What you need to do ▸
Reproduce the whole listing exactly, omitting any picture it holds.

Available data ▸
______________________________

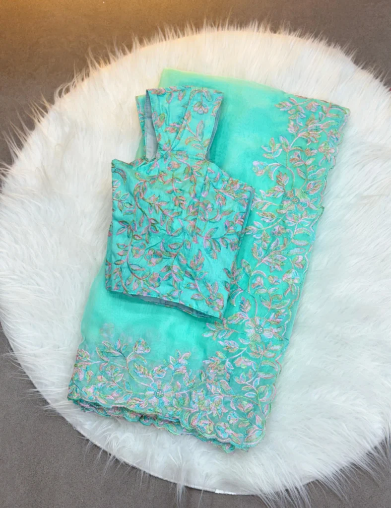 SOFT TABI ORGANZA WITH RICH EMBROIDERY WORK IN OCEAN TEAL
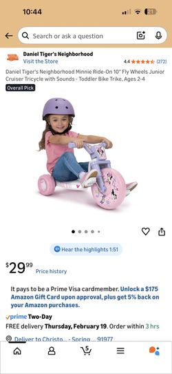 Minnie Ride-On 10" Fly Wheels Junior Cruiser Tricycle with Sounds - Toddler Bike Trike, Ages 2-4$15Spring Valley, CA
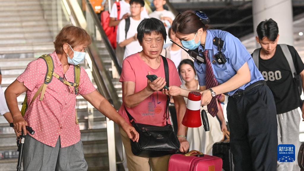 暑运期间,铁路客流量大,运输繁忙。中国铁路南宁局集团有限公司南宁东站的客运员们,每天在各站台密集接发车,护送旅客安全出行。

______________________________

Written response ▸
 SOFT TABI ORGANZA WITH RICH EMBROIDERY WORK IN OCEAN TEAL
 Minnie Ride-On 10" Fly Wheels Junior Cruiser Tricycle with Sounds - Toddler Bike Trike, Ages 2-4$15Spring Valley, CA
 暑运期间,铁路客流量大,运输繁忙。中国铁路南宁局集团有限公司南宁东站的客运员们,每天在各站台密集接发车,护送旅客安全出行。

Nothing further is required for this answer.